DENVER — Nan Miller had a message for the Broncos as they readied to face their divisional nemesis Sunday afternoon. Her late husband lived to beat that pesky team from Oakland and he never cared if it took a fight or a brawl or every ounce of his players’ energy. So long as they got it done.
The Broncos honored their former coach, Red Miller, who passed away last week, with a video tribute during the game, but Nan hoped the Broncos would go beyond: Beat those Raiders for Red.
Message received. But pretty, it definitely wasn’t.
The Broncos’ defense held late and their run game led the way as Denver eked out a 16-10 victory to claim sole possession of second place in the AFC West. Safety Justin Simmons’ interception with less than two minutes left sealed the victory.
Broncos quarterback Trevor Siemian completed 16 of 26 passes for 179 yards, one touchdown and a 94.9 passer rating. But he was also sacked four times as pass protection broke down under the pressure of Khalil Mack and Mario Edwards.
So, the Broncos relied on their defense that held Oakland to 24 rushing yards on 15 carries, and their running backs, who broke loose for 142 yards on 28 attempts.
After a quick three-and-out and the first sack of Siemian, the Broncos put together an 88-yard scoring drive capped with a pair of completions to tight end A.J. Derby for a total 51 yards — a 29-yard catch that set up a 22-yard touchdown. Derby’s caught the tip of the football with his fingertips and waltzed into the end zone with only one hand grasping the ball.
The touchdown was the first of his career, and it opened the gates as Jamaal Charles found holes and the Raiders were penalized 30 yards for defensive pass interference, setting up a 28-yard field goal by Brandon McManus later in the first quarter for a 10-0 lead. Charles, appearing much like the explosive back he was before multiple knee surgeries, finished with five carries for 33 yards. C.J. Anderson added 95 more.

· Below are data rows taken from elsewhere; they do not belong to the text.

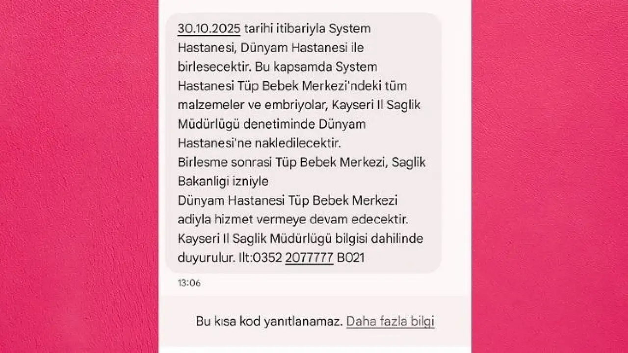 30 Ekim 2025 tarihi itibarıyla System Hastanesi ile Dünyam Hastanesi’nin birleşeceği de resmi olarak duyuruldu. Gönderilen bilgilendirme mesajında, Sistem Hastanesi’ne bağlı Tüp Bebek Merkezi’ndeki tüm malzemelerin ve embriyoların, Kayseri İl Sağlık Müdürlüğü denetiminde Dünyam Hastanesi’ne nakledileceği belirtildi.
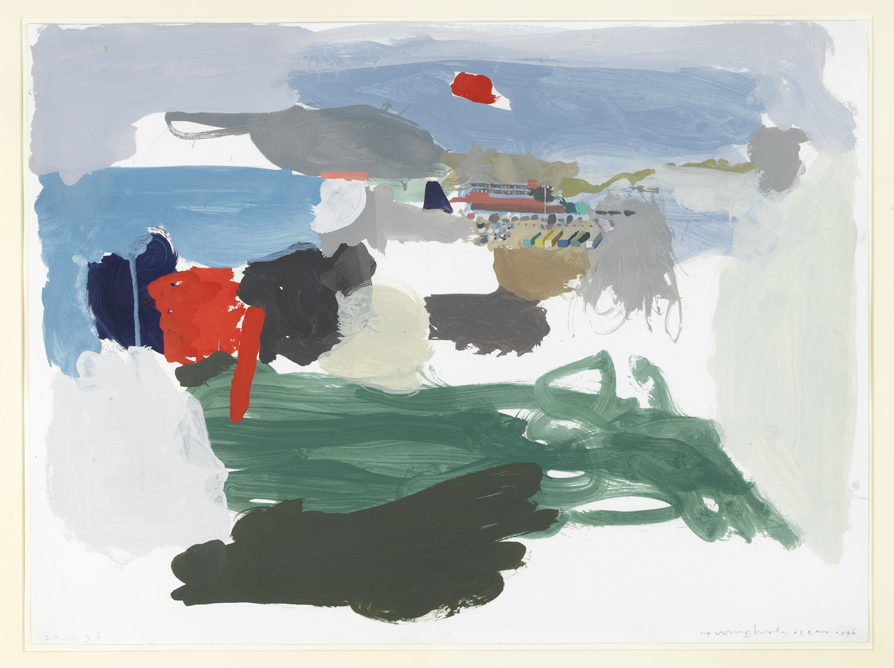 Original memory sketch. In 1997 the Museum commissioned Humphrey Ocean to paint a large picture on the theme of maritime Britain at the end of the 20th century. The resulting picture, 'The first of England', takes as its starting point day-tripp
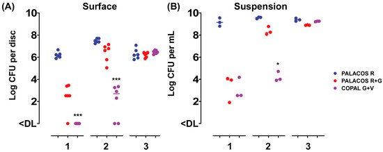 In vitro activity of the ALBC discs with (A) attachment to the disc surface and (B) growth in the suspension after 1–3 days of incubation, with a daily challenge of a fresh S. aureus EDCC 5055 inoculum suspension. Results are expressed as the numbers of viable bacteria retrieved from the disc surface (n = 6) and medium (n = 3). The horizontal lines represent the median values and are significantly different from the PALACOS R control groups as calculated by the Kruskal–Wallis rank sum test for the log CFU values (* = p < 0.05, *** = p < 0.001). The lower limit of detection (DL) is 25 and 5 CFU for the discs and medium, respectively.
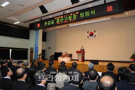 | 전갑길 광주시장 예비후보는 25일 광산구청에서 민선4기 광산구청장 퇴임식을 가졌다. | ||
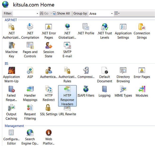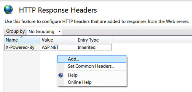 打开Internet Information Services (IIS) Manager,如图双击HTTP响应头部(HTTPResponse Headers),
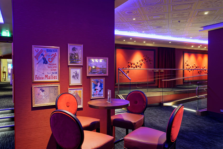 Bilder von Entertainment-Bereichen der MSC Seashore: Theater, Le Cabaret Rouge, Hall of Games, Casino
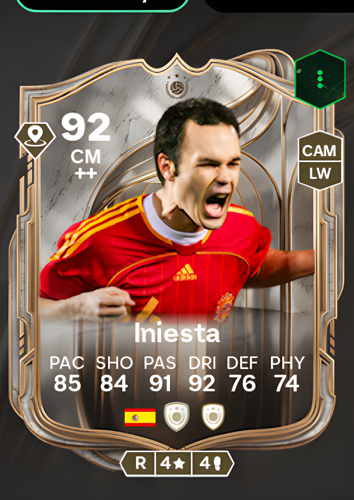 Andrés Iniesta Luján's Icon card stands out as a highly coveted Center Midfielder, boasting an impressive overall rating of 92. With a pace rating of 85 and dribbling at 92, Iniesta offers exceptional agility and close control, allowing him to glide past opponents in tight spaces. His passing attribute of 91 ensures pinpoint distribution, making him the creative heartbeat of any midfield, while his shooting rating of 84 means he’s more than capable of contributing crucial goals from deeper positions. Although his defense (76) and physicality (74) are not his strongest suits, his technical prowess and vision make this card a game-changer—perfect for orchestrating attacks, maintaining possession, and unlocking defenses with ease, giving you the upper hand in critical moments on the pitch.
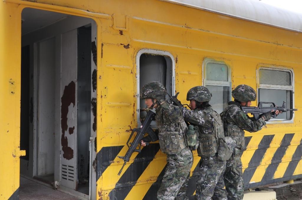 ↑達(dá)娃卓嘎(右一)和戰(zhàn)友進(jìn)行戰(zhàn)術(shù)訓(xùn)練
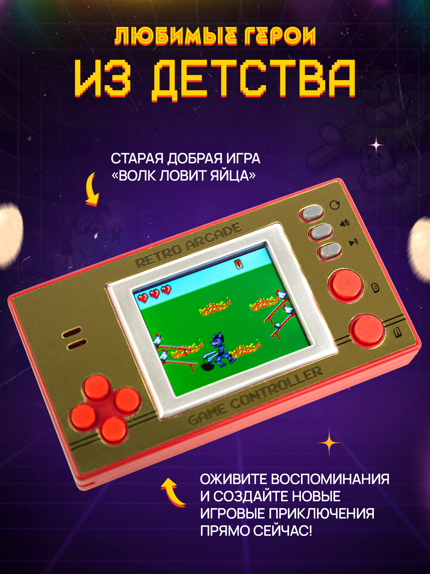Игровая консоль Super01 "Волк Ловит Яйца", портативная, 1.8" информация:
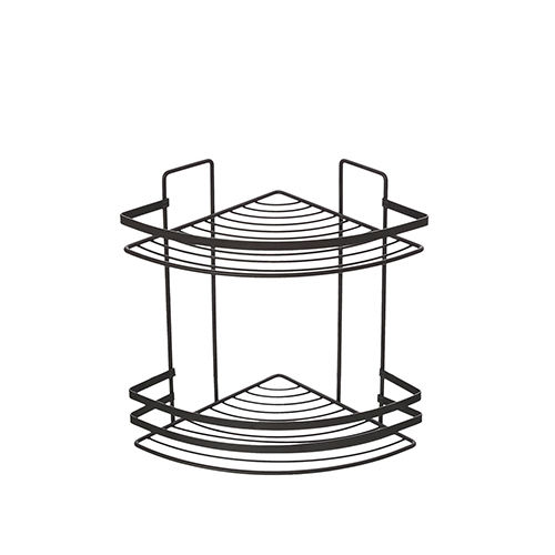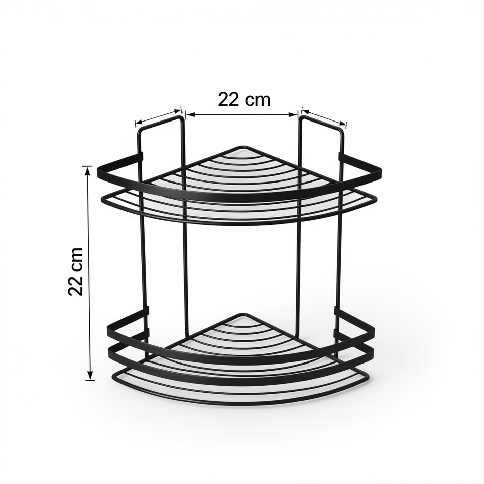 Mensola Angolare a 2 Ripiani Nera 22 cm x 22 cm x 30 cm, Scaffale per Bagno
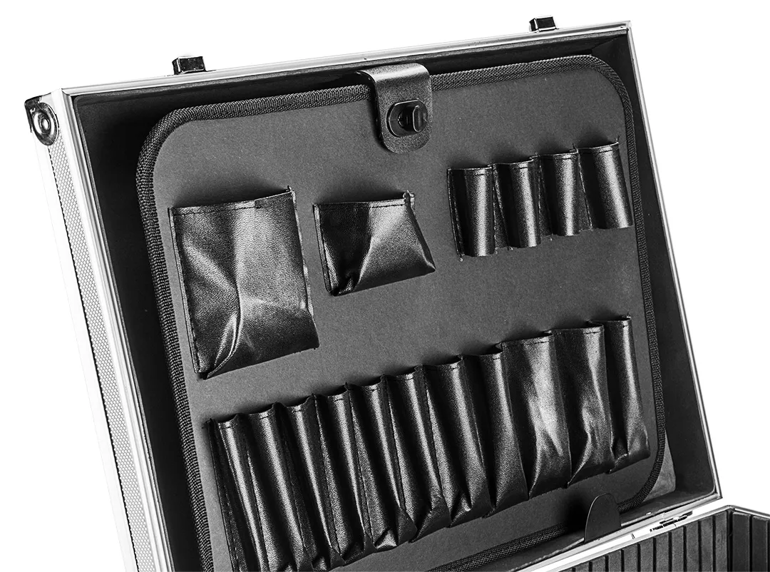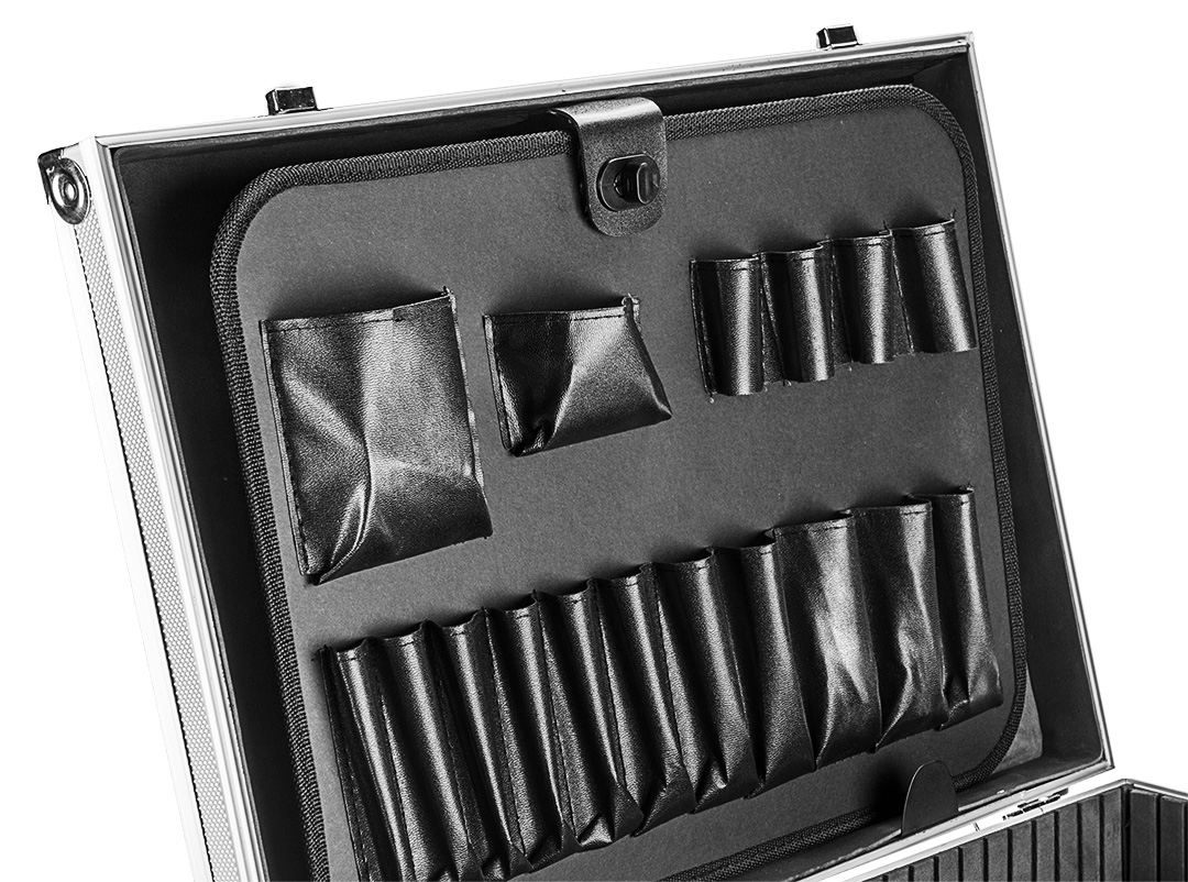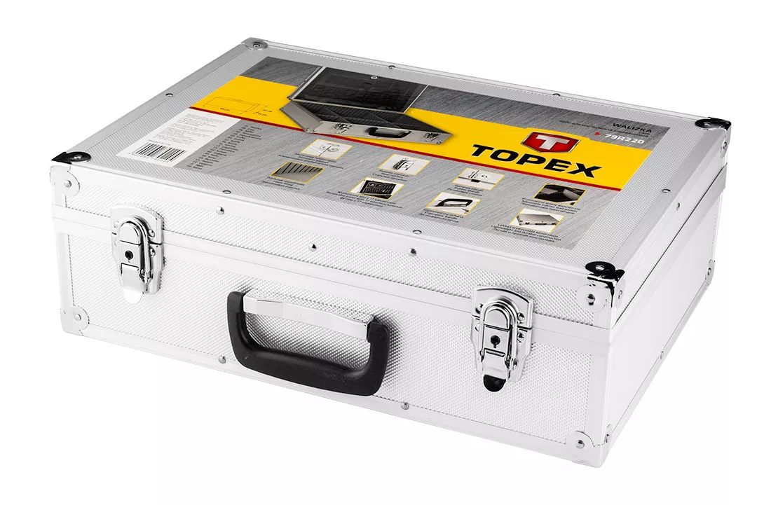 Walizka aluminiowa TOPEX (nr ref. 79R220) o wymiarach 45 x 15 x 32 cm. Walizka posiada lekką konstrukcję oraz system przegród i kieszeni, dzięki czemu ma wszechstronne zastosowanie. Wnętrze walizki wyściełane miękkim materiałem chroni przenoszone przedmioty. Dodatkowo wzmocnione krawędzie chronią walizkę przed zniszczeniem. Wyposażona w dwa zamki na kluczyk. Marka TOPEX skierowana jest do majsterkowiczów.
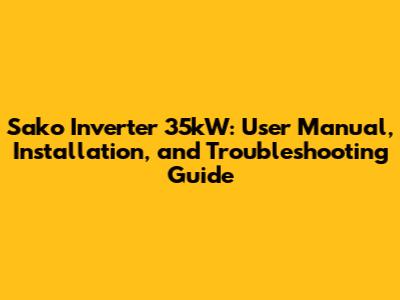 Sako Inverter 35kW: User Manual Guide & Troubleshooting
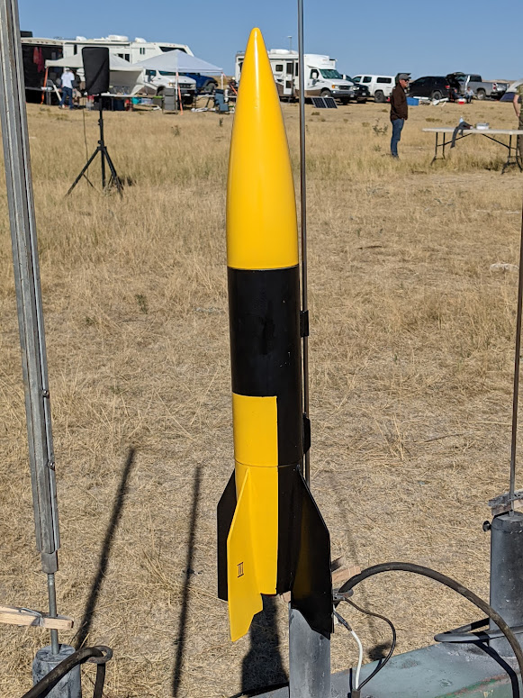 Great flight and recovery! Rocket weather cocked a little due to the breezy conditions. The motor took three ignitors to get off the pad. The first one was a copper head which is always a hit or miss. The next two tried where the QuickBurst Twiggy motor starters of which the first one popped out and then the third I secured to the nozzle with a rubber band.
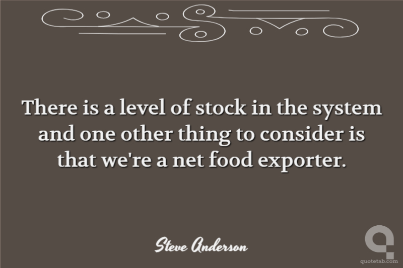 There is a level of stock in the system and one other thing to consider is that we're a net food exporter. Steve Anderson
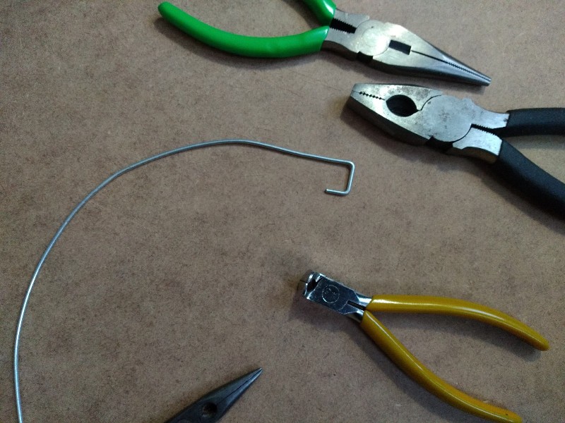 En el otro lado llevará una sección de escalera con peldaños de metal (la típica de las alcantarillas); la haremos con alambre grueso, al que daremos forma con la punta de los alicates: (312)

But the early momentum didn’t last.
One play in the second quarter kept the Broncos’ lead in check as the Raiders took advantage of Denver’s five-defensive back look — Von Miller was not on the field — and Derek Carr found receiver Johnny Holton for a 64-yard, over-the-shoulder touchdown grab.
The Broncos’ offense that racked up 140 yards in the first quarter notched only 65 in the second — and was forced to punt three times.
Denver returned from the halftime break in much the same fashion, with a re-dedication to pounding the ball on the ground in one quarter, then watching their momentum fade in the next. On their first possession of the third quarter, Anderson broke out for 53 yards on three carries — including one for 40 yards — to set up a 37-yard field goal by McManus and a 13-7 lead. Then, in three successive plays, all three phases pitched in as defensive end Derek Wolfe sacked Carr on third down, Isaiah McKenzie picked up 29 yards on a punt return and Anderson barreled up the middle for 12-yard gain.
Late in the third quarter, Carr was sacked by Shelby Harris and knocked out of the game with a back injury. A failed fake punt by and an unsportsmanlike conduct penalty on Oakland’s punter Marquette King gave the Broncos a prime opportunity to blow open the lead. But McManus hit the upright on a 29-yard fight goal attempt and the Raiders stormed back behind backup quarterback E. J. Manuel.
Chances to close it out were had, but the Broncos simply couldn’t capitalize.
With little success on the ground, Manuel aired it and torched the Broncos’ pass defense on 73-yard scoring drive — with all passes — to pull within 16-10 on a field goal.
After Denver went three-and-out, the Raiders got the ball back with a chance to win on their 42-yard line with 4:16 left. They advanced as far as Denver’s 36 but Simmons’s interception ended the suspense.
Miller’s message? Heard loud and clear.